Coluna do Alexandre
Nº 2 - Agosto/2010

Estrada Real

Um dos roteiros mais agradáveis para um passeio em duas rodas no entorno de Belo Horizonte é o da Estrada Real. Saindo pela BR 356, viaja-se até o trevo para Mariana, já próximo a Ouro Preto. Dali tem-se cerca de 5 km até o entroncamento da estrada Real. Após um curto trecho de calçamento, com sacolejantes paralelepípedos, adentra-se então no trecho mais gostoso do passeio, com estrada de pouco movimento, muitas curvas, vista deslumbrante, pontes de duzentos anos e clima muito agradável. Chega-se então a Ouro Branco, sede anual de um agradável evento organizado pelo Steel Goose MG, onde um pitoresco boi gira num rolete, sob a fome de uns e protestos de outros. Parte já integrante de nosso folclore motociclístico. De lá se alcança a BR 040 e daí BH.

Em 2005 vivi ali um episódio singelo, que me apresentou a uma nova faceta de minha visão do motociclismo. Íamos Gabriel, Eduardo e eu em direção a Ouro Branco. Gabriel em sua Virago 535, eu e Eduardo em duas Shadows 600. Viajávamos a 80, às vezes 100 km/hora, sentindo o vento no rosto, contemplando a paisagem. À nossa frente surgiu uma CG 125, já bem velha, com seus 10 ou 15 anos de uso. Vimos, viemos e passamos. Era uma subida longa e nossos motores facilmente venceram o esforço do monocilíndrico da CG. Logo começamos a descer e eis que a pequena Honda nos ultrapassou, acompanhada de um animado olhar de seu piloto, que superava adversários maiores e mais reluzentes. Nova subida e nova ultrapassagem nossa. Novo declive ou alguma curva mais fechada e lá ia a motoquinha a nos deixar para trás de novo. Assim fomos por bons quilômetros.
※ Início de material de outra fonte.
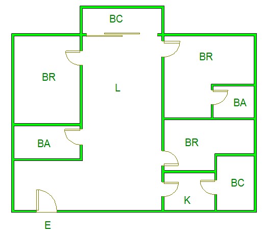 ▲ E(入口)=entrance BR (洋室)=Bedroom BA (浴室)=Bathroom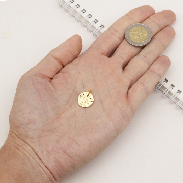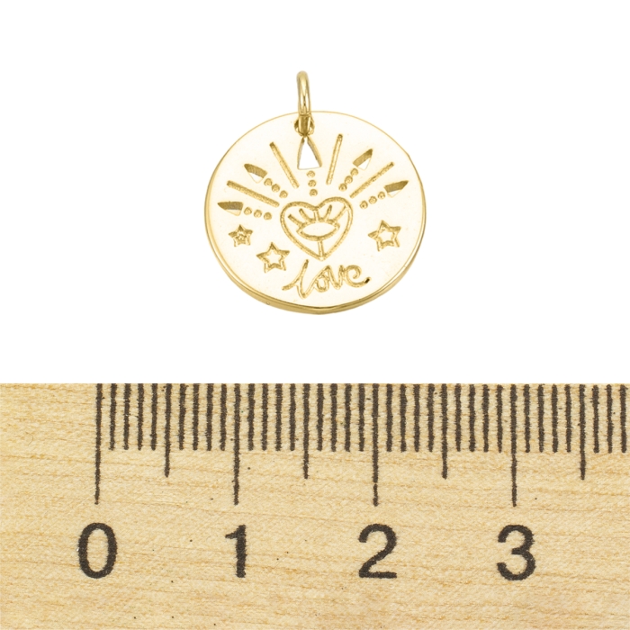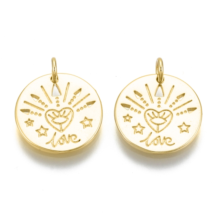 Кулон, Латунь, Плоский Круглый со словом "Love", Покрытие Золото 15К, Размер: 15х1.5мм, Отверстие 3мм, Соединительное кольцо 5х1мм, (УТ100031322)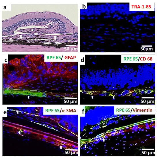 Representative HE and immunostaining images of immunodeficient RCS rat retinas implanted with iPSC-RPE monolayer assessed at 11 months post-implantation. Presence of fibrosis, immunoreactivity, and epithelial–mesenchymal transition (EMT) was assessed. (a) Retina with no surviving iPSC-RPE showing signs of inflammation and peri-membrane fibrosis indicated by white asterisk. (b) Absence of TRA-I-85 staining. (c) Retinas showing RPE65 expressing iPSC-RPE cells (white arrows) labelled for GFAP (glial cells), (d) CD68 (macrophages/microglia), (e) expression of classical mesenchymal markers α smooth muscle actin α SMA and vimentin. (f) Images in which iPSC-RPE monolayer appears to be present below the parylene membrane are either due to orientation difference in the implant placement or due to the survival of the RPE on the lower side of the parylene membrane.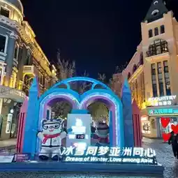 - Shopping street in the center of Harbin, both sides of the road are full of shops, very lively people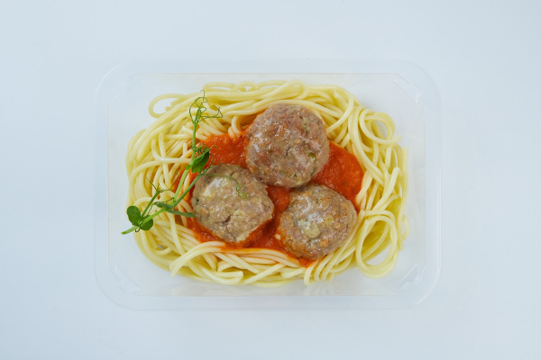 Паста из твердых сортов пшеницы с сочными говяжьими митболами в ароматном томатном соусе с овощами и специями.

Já perto de Ouro Branco uma última subida, longa, que começava depois de uma curva. Nosso novo amigo acelerou sua CG, e após uma bem feita curva, que nos impediu a aproximação, manteve-se à frente durante todo o ascendente percurso. Chegamos a Ouro Branco juntos, mas com a 125 à frente. Posição na qual nosso recente companheiro abandonou a rodovia, adentrando a cidade e eternizando nossas posições de chegada. Virou, não sem antes olhar para trás, quando pude divisar sua expressão vitoriosa, de satisfação por se manter à frente. Davi, que vencia três Golias de uma só tacada.

Tomamos a 040, rumo a Belo Horizonte, sozinho dentro de meu capacete imaginava nosso companheiro entre amigos, contando do “binóculo” que dera em três motos grandes, que não conseguiram alcançá-lo. Valeria sem dúvida uma cerveja, ou ao menos um brinde e boas risadas. O carinho com a judiada 125 com certeza aumentara.
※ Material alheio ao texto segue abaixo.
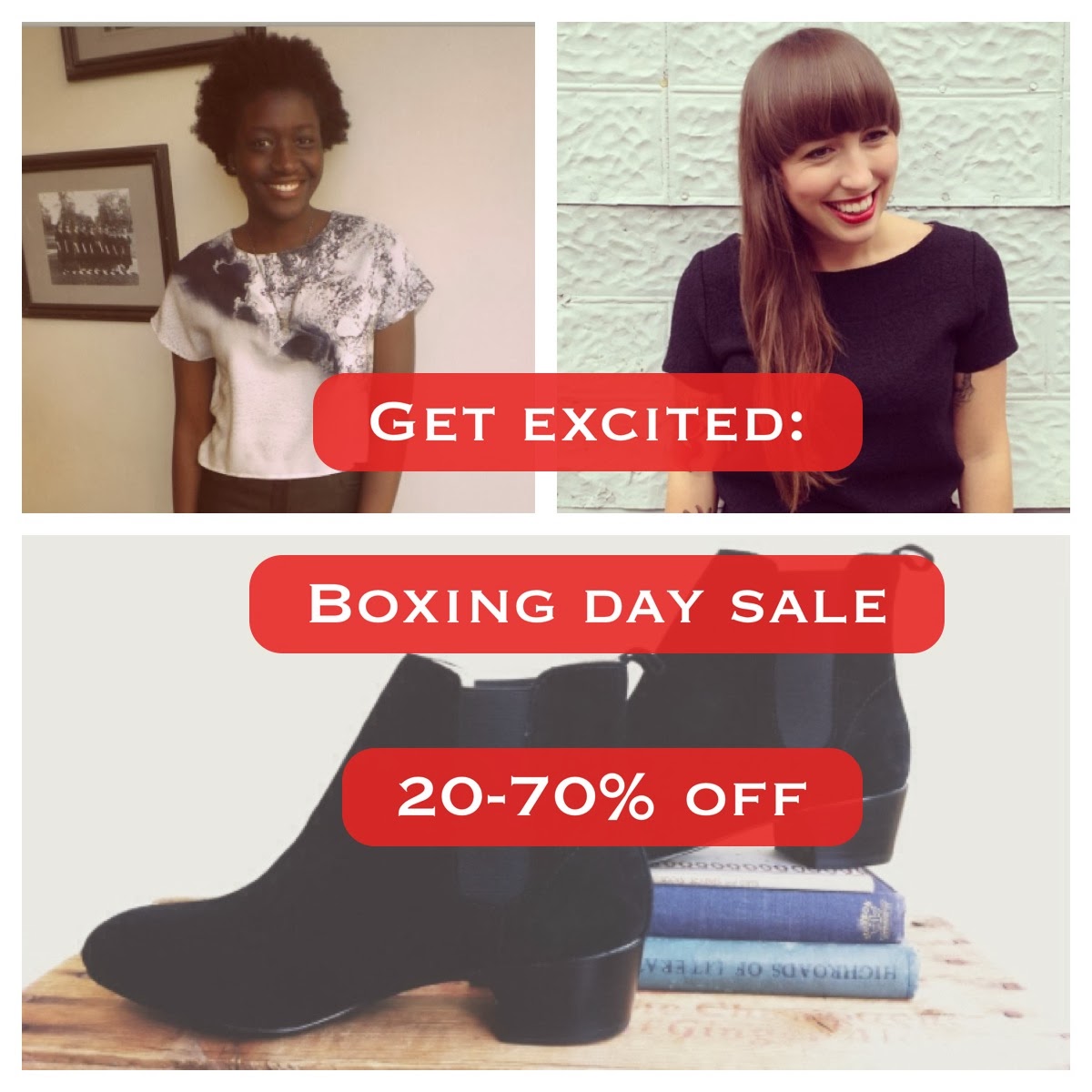 Nous serons ouverts de 10h à 18h dans les deux magasins le 26 décembre. Avec des vêtements réduits de 20 à 70 %, c'est votre chance de vous procurer un petit quelque chose en plus pour avoir été si bon cette année.

Pude perceber que muitos prazeres no motociclismo independem da potência ou do tamanho da motocicleta. Ali alimentamos nossa capacidade de sonhar, nos tornamos personagens de nossa infância, que nos tenros anos eram públicos e que hoje, já com a cabeleira desejando branquear, se tornam íntimos e secretos. Eu vivi naquela estrada, inúmeras cenas de Easy Rider, onde não contava a velocidade, mas o vento no rosto, o contorno lento e cuidadoso de cada curva. Era capaz de ouvir a trilha sonora em meu capacete, que naqueles momentos metamorfoseava-se em algum tipo de walkman. Meu anônimo amigo por sua vez acabara de vencer uma prova de Moto GP. Ambos fomos personagens nas histórias e nos sonhos um do outro. Sem nunca termos nos falado, sem sabermos sequer de onde éramos e para onde íamos. Coisas de motocicleta...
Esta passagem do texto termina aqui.